Clockwork systems are controlled by an authority, based on the belief it has the power, or ability, to direct the flow of inputs in a predetermined manner. Organismic control depends on a processor, brain, or management function’s ability to process information, and respond to it. Control is therefore part of the entity. Order emerges in complex systems unpredictably from the arrangement and interactions of its parts without control, usually without being planned. It cannot be designed and controlled from the outside, and there is no superior thinking part on the inside. That is difficult to accept if you are used to clockwork or organismic systems.

Internal order in complex systems emerges from the decision of humans to align themselves with an entity, or organization, which means accepting the associated constraints, and an understanding there is a personal and collective benefit from doing so. There are no systems without constraints, and its attractiveness depends on whether the constraints outweigh the advantages of participating. In complex systems, management doesn’t plan and control, it coordinates and enables towards a common goal. Information exchanged through conversation and dialogue becomes not two-way traffic to a management function, but instead a crucial exchange between the parts towards enabling the collective function.

Taking a complexity perspective is not an exclusive alternative to mechanistic or biological thinking, at times it is useful to take one of the other approaches, or even all three at the same time. What it does is open up our understanding of reality, problems, etc., and what we can or cannot do about it. We effortlessly and unconsciously default to assuming a mechanistic or biological reality as evidenced by the terms we use to describe a situation or problem, a complexity perspective surfaces that to our awareness.

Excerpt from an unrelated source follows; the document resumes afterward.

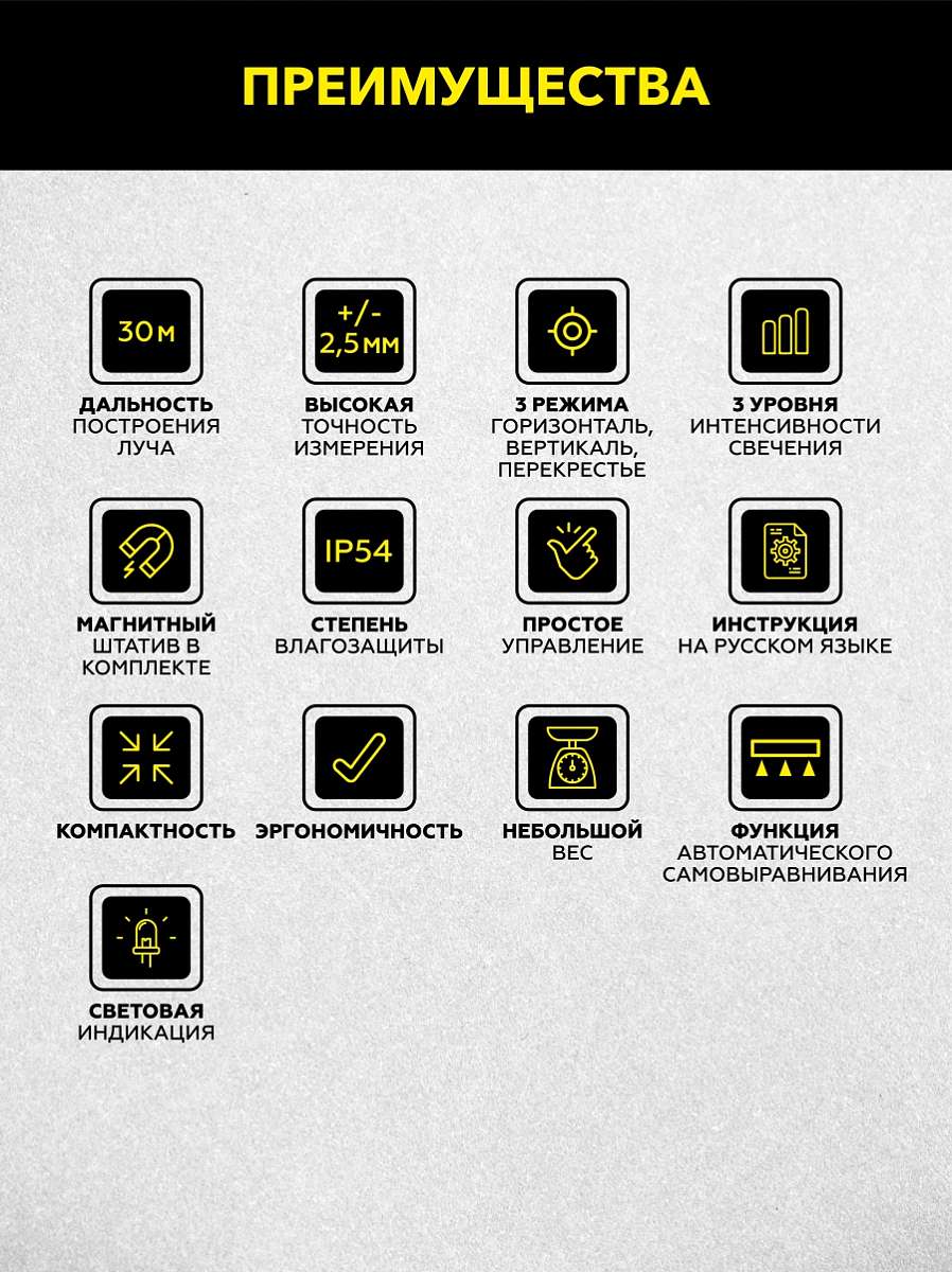 - Функция автоматического самовыравнивания +/- 4°

Systems, or wholismic thinking as I prefer to call it, has been a stop-start affair. Smuts’ work receded into obscurity, the shift from operations research to soft systems thinking led by Churchman, Ackoff, Checkland, and others after WW2, is on life support, and it is only the more mechanistic system dynamics and its various interpretations that still seem to survive, probably because foundationally it is a hybrid between clockwork and organismic thinking, which makes it easier to understand and accept. The problem is, other than Smuts’ attempt, there never was a coherent philosophical body of wholismic thinking, which is a tremendous tragedy, because, as Einstein pointed out, the fundamental idea has so much to offer and it provides the most promising way forward for dealing with the complex problems of our time.